*** Material for this exercise ***

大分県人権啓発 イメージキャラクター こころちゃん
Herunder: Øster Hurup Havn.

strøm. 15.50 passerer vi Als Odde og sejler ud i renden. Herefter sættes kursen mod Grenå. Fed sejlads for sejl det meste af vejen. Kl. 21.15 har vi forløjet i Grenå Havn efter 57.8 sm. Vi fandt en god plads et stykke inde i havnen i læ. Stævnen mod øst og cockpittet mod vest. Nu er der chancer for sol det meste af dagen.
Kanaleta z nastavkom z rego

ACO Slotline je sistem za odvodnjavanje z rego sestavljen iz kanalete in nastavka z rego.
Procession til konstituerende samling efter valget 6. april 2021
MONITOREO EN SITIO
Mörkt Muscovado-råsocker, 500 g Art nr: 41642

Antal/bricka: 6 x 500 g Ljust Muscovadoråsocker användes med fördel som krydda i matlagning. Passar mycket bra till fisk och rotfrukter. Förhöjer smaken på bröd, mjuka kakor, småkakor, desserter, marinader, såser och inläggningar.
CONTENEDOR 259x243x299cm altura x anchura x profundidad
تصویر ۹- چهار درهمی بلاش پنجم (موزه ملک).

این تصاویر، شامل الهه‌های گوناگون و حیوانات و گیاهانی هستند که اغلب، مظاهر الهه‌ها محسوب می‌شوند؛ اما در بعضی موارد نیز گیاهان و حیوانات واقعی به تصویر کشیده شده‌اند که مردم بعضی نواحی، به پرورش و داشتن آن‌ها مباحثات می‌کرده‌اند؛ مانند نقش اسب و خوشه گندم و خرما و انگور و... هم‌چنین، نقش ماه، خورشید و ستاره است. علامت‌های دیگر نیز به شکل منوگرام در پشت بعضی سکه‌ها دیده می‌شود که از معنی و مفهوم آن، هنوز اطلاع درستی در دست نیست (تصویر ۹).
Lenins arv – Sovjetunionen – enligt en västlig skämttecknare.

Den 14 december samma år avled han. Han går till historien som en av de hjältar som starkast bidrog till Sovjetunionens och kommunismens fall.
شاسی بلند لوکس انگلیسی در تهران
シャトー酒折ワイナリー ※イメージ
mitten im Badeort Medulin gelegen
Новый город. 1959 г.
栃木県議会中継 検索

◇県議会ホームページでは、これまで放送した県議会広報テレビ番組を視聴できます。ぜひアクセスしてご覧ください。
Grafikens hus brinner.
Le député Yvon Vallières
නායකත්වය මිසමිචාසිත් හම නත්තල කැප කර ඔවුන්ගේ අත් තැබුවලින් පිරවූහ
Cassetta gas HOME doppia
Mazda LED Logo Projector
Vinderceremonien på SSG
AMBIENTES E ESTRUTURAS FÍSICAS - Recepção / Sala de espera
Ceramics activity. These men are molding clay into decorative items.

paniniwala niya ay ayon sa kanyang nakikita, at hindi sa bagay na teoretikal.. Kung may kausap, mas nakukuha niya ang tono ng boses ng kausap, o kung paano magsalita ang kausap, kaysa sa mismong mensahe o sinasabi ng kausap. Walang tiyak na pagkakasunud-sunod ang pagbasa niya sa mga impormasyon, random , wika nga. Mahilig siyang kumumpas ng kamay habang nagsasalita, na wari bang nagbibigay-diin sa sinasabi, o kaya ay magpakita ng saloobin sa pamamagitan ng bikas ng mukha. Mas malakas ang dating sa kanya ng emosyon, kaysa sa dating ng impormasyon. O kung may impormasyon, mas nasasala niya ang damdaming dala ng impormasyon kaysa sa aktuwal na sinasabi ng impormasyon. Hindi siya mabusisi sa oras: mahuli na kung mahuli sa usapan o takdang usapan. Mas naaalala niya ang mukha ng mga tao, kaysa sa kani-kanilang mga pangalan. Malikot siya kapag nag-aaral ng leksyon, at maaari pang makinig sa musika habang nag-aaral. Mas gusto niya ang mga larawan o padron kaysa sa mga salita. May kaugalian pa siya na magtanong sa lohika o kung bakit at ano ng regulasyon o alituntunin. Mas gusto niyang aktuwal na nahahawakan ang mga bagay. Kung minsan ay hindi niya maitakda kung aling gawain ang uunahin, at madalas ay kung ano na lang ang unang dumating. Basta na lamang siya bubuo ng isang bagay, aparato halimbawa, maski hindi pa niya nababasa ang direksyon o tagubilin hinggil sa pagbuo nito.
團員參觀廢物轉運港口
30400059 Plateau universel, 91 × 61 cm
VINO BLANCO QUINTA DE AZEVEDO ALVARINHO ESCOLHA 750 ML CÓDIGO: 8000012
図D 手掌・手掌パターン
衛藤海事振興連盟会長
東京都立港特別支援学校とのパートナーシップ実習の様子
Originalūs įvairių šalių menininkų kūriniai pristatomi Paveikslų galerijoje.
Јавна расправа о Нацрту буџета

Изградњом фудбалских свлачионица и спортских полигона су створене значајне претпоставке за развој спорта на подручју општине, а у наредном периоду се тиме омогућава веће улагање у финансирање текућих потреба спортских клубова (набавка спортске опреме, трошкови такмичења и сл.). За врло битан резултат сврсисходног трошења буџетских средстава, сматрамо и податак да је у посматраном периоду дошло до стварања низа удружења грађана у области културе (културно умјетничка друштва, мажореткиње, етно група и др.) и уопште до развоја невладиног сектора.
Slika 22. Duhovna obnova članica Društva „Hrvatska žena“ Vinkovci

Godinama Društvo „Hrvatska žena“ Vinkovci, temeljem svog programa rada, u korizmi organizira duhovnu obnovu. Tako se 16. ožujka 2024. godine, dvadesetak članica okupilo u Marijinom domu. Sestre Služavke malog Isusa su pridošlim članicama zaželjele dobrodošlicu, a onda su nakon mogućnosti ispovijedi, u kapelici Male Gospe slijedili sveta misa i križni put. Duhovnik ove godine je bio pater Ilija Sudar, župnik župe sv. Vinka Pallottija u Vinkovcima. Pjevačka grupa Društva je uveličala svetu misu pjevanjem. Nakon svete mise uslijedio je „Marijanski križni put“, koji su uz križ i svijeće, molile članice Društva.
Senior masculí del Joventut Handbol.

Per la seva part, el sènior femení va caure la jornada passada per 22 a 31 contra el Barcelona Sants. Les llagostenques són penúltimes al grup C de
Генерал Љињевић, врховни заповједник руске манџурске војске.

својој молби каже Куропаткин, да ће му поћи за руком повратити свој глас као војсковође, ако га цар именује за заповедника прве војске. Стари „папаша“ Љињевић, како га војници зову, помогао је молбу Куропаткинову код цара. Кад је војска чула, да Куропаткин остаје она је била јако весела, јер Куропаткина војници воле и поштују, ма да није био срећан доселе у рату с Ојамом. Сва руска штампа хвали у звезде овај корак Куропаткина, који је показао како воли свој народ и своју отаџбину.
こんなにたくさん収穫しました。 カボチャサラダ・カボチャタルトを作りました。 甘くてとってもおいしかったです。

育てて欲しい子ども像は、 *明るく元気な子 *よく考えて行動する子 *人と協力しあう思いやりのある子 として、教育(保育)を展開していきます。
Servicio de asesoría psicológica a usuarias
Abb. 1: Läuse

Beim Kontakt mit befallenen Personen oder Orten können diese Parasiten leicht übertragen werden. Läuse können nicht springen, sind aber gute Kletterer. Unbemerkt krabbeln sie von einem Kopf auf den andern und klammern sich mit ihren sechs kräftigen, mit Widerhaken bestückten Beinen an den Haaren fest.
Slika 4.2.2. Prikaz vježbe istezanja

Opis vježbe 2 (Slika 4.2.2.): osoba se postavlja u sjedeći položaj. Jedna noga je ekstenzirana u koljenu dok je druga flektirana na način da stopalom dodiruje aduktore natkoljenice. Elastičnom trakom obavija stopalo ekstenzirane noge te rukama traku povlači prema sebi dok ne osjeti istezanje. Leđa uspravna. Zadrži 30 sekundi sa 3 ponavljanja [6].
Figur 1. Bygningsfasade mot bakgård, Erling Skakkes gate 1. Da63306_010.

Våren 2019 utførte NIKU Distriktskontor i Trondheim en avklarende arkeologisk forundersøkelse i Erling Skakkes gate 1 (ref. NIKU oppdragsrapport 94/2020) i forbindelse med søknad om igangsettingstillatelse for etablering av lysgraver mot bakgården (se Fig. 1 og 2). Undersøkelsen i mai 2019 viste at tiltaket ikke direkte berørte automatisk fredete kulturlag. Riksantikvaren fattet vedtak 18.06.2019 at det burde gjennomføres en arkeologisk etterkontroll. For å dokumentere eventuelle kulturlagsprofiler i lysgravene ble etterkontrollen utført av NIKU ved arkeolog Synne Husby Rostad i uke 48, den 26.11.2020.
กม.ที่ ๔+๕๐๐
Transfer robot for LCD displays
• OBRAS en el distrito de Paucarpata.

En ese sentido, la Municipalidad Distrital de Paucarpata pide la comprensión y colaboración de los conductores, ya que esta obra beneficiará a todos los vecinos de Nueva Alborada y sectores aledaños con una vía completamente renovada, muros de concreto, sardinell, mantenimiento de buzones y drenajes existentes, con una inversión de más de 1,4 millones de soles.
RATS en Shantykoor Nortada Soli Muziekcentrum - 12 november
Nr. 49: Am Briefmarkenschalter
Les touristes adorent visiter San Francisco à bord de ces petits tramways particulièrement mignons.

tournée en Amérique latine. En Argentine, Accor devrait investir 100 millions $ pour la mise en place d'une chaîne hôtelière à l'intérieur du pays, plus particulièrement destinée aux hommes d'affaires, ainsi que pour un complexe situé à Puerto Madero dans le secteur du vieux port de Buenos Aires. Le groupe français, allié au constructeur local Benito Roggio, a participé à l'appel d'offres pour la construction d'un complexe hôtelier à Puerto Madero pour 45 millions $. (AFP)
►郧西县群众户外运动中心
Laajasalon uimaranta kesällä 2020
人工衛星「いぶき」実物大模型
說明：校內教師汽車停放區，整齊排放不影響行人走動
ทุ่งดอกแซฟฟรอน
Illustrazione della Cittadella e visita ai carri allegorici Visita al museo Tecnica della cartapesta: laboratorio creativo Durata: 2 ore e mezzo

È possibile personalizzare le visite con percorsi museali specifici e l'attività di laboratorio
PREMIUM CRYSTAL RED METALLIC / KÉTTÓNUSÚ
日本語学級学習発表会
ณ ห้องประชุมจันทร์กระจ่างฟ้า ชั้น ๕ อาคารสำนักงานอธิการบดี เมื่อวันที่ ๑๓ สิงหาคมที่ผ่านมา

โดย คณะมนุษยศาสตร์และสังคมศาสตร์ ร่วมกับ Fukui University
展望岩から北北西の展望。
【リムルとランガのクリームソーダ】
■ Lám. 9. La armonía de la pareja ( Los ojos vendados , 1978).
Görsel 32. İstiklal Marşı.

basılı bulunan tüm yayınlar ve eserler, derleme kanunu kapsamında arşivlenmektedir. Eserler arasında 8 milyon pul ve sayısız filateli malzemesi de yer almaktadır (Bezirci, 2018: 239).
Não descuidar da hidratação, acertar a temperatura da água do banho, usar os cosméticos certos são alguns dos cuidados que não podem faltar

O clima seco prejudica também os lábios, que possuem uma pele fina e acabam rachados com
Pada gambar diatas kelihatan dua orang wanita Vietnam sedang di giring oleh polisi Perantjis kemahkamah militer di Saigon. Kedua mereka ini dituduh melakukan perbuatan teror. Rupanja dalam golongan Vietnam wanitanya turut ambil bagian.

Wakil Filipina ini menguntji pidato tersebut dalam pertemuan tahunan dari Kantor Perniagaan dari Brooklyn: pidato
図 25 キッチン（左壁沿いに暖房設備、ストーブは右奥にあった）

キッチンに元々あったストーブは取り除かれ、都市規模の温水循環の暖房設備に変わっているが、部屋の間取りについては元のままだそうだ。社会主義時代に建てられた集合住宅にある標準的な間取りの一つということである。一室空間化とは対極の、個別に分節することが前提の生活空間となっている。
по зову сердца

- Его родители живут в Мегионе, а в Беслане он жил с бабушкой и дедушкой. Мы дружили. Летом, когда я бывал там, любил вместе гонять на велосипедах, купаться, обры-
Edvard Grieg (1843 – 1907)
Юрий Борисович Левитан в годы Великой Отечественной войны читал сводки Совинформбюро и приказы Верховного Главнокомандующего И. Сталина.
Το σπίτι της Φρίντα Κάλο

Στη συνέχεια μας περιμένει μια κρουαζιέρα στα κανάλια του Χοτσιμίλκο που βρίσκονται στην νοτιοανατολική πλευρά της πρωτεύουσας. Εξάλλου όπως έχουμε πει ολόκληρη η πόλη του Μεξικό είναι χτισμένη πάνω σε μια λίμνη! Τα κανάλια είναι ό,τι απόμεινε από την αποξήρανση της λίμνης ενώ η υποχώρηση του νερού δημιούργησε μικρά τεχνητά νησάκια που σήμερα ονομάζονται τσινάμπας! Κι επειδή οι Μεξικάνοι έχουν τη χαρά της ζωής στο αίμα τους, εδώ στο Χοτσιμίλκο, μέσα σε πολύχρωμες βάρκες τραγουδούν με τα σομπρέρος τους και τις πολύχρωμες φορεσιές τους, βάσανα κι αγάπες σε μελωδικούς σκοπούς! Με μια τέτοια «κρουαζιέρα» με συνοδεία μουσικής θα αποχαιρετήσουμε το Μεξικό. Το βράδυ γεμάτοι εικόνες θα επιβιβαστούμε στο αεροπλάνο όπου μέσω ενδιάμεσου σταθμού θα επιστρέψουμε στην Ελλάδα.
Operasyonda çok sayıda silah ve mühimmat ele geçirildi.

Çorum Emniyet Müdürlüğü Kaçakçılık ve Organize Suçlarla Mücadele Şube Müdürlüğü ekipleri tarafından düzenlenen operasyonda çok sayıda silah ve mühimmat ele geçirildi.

*** End of Material for this exercise ***

▸ **What you will do**:
Only the lines that contain the word "geçirildi" should be copied from the material.

▸ **Result of the task**:
Operasyonda çok sayıda silah ve mühimmat ele geçirildi.
Çorum Emniyet Müdürlüğü Kaçakçılık ve Organize Suçlarla Mücadele Şube Müdürlüğü ekipleri tarafından düzenlenen operasyonda çok sayıda silah ve mühimmat ele geçirildi.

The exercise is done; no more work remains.